==== Information

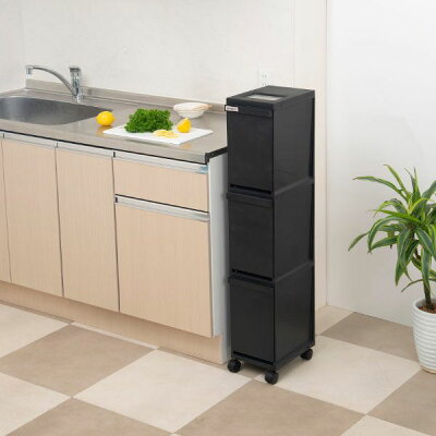 サイズ約 幅20.5×奥行29.5×高さ105.5(cm)キャスターなしの場合:約 幅20.5×奥行28.5×高さ100.5(cm)材質本体他:ポロプロピレン キャスター:ポリプロピレン、ポリカーボネート、スチール容量約10L×3備考 【カラー】ブラック 【生産国】日本製 ■■その他■■※引き出し1段あたり耐荷重 1.5kg組立状態 組立品※キャスターなしでもご使用いただけますが床などを傷つける恐れがございます。
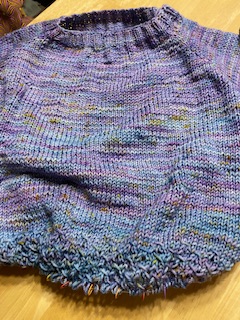Toppen blir mera lila än jag hade tänkt mig med det melererade garnet. Hade nog gärna sett mera blått. Jag kom en bit på spetskanten nertill nu under kvällen. Jag har följt mönstret till punkt och pricka, men jag kan inte påstå att min kreation ser ut som bilden på mönstret precis…. Vilket är lite synd, för jag gillade verkligen det mönstret. Nu är är jag ju inte klar än och förhoppningsvis blir det bra ändå.
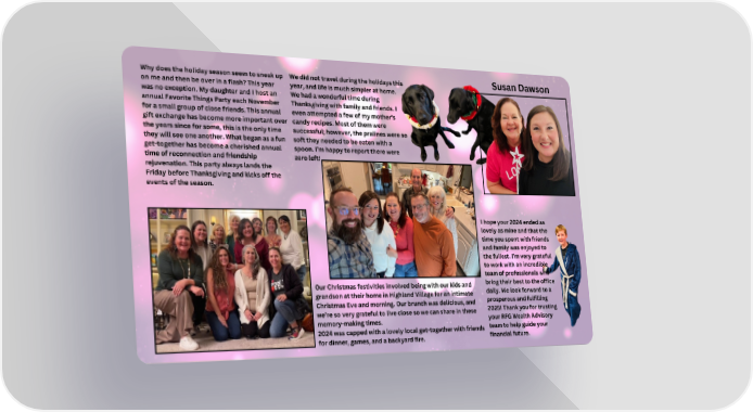 Susan Dawson Why does the holiday season seem to sneak up We did not travel during the holidays this on me and then be over in a flash? This year year, and life is much simpler at home. was no exception. My daughter and I host an We had a wonderful time during annual Favorite Things Party each November Thanksgiving with family and friends. I for a small group of close friends. This annual even attempted a few of my mother’s gift exchange has become more important over candy recipes. Most of them were the years since for some, this is the only time successful; however, the pralines were so they will see one another. What began as a fun soft they needed to be eaten with a get-together has become a cherished annual spoon. I’m happy to report there were time of reconnection and friendship zero left! rejuvenation. This party always lands the Friday before Thanksgiving and kicks off the events of the season. I hope your 2024 ended as lovely as mine and that the time you spent with friends and family was enjoyed to the fullest. I’m very grateful to work with an incredible team of professionals who bring their best to the office Our Christmas festivities involved being with our kids and daily. We look forward to a grandson at their home in Highland Village for an intimate prosperous and fulfilling Christmas Eve and morning. Our brunch was delicious, and 2025! Thank you for trusting we’re so very grateful to live close so we can share in these your RFG Wealth Advisory memory-making times. team to help guide your 2024 was capped with a lovely local get-together with friends financial future. for dinner, games, and a backyard fire.
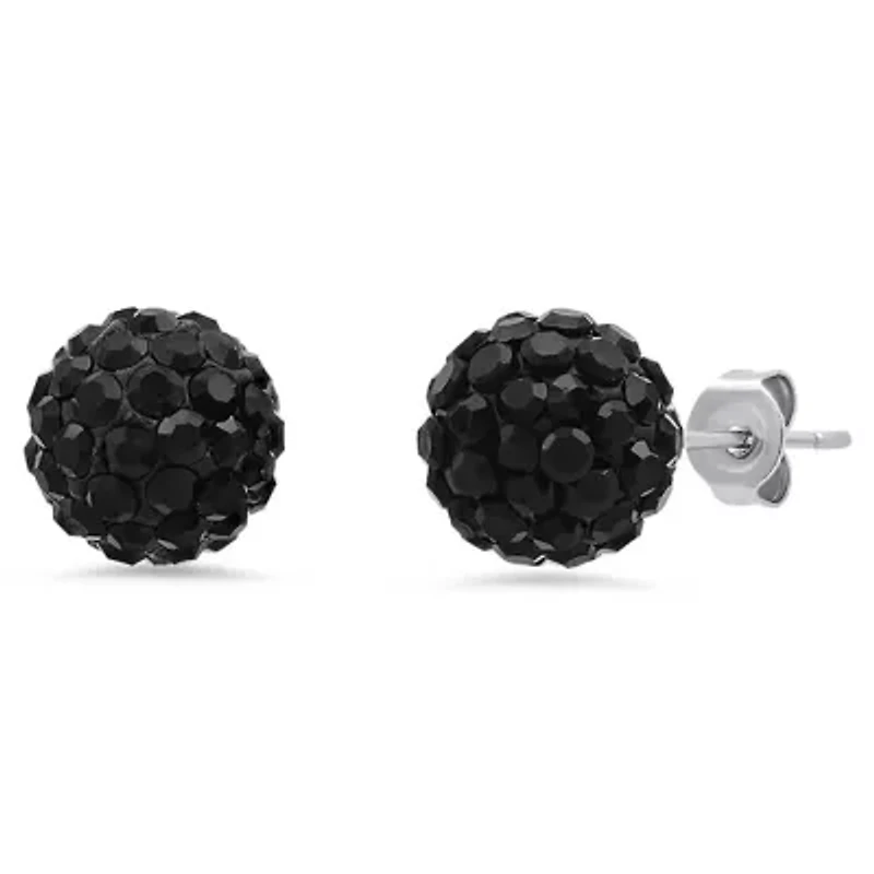Ladies stainless steel and black simulated diamond fireball stud earrings 2 Post back, Butterfly clasp Imported Product Specifications 10mm Material & Care stainless steel Stainless steel Clean with a soft cloth.
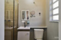 Em seguida, um corredor nos leva à área íntima, e antes de chegarmos aos quartos, encontramos um banheiro social, ideal para atender um dos dormitórios ou receber visitas com conforto.
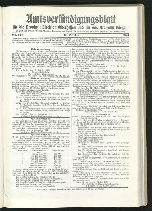 für die Provinzialdirektion Gberheffen und für das Kreisamt Gietzen.
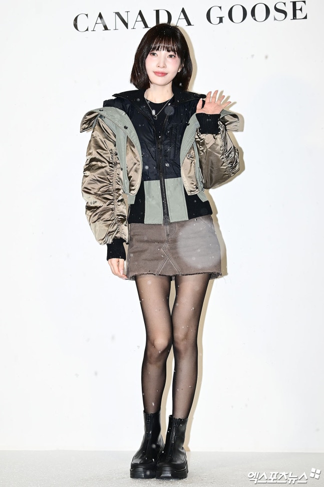 이날 행사에 참석한 조이가 선택한 아우터는 광택감 있는 소재와 풍성한 셔링 디테일이 특징인 카키 톤의 크롭 패딩 재킷. 독특한 디자인과 풍성한 볼륨감과 반대로 초미니 스커트를 매치해 슬림한 다리 라인을 뽐냈다. 검은색 스타킹과 블랙 앵클 워커로 시크함을 더하면서 극세사 각선미를 더욱 가늘고 길어 보이게 만들었다.

========

• [Your assignment]
Omit the pictures. Write out exactly the lines from the one containing "Em seguida, um" through the last line of the entries, both of them included.

• [Response for this exercise]
 Em seguida, um corredor nos leva à área íntima, e antes de chegarmos aos quartos, encontramos um banheiro social, ideal para atender um dos dormitórios ou receber visitas com conforto.
 für die Provinzialdirektion Gberheffen und für das Kreisamt Gietzen.
 이날 행사에 참석한 조이가 선택한 아우터는 광택감 있는 소재와 풍성한 셔링 디테일이 특징인 카키 톤의 크롭 패딩 재킷. 독특한 디자인과 풍성한 볼륨감과 반대로 초미니 스커트를 매치해 슬림한 다리 라인을 뽐냈다. 검은색 스타킹과 블랙 앵클 워커로 시크함을 더하면서 극세사 각선미를 더욱 가늘고 길어 보이게 만들었다.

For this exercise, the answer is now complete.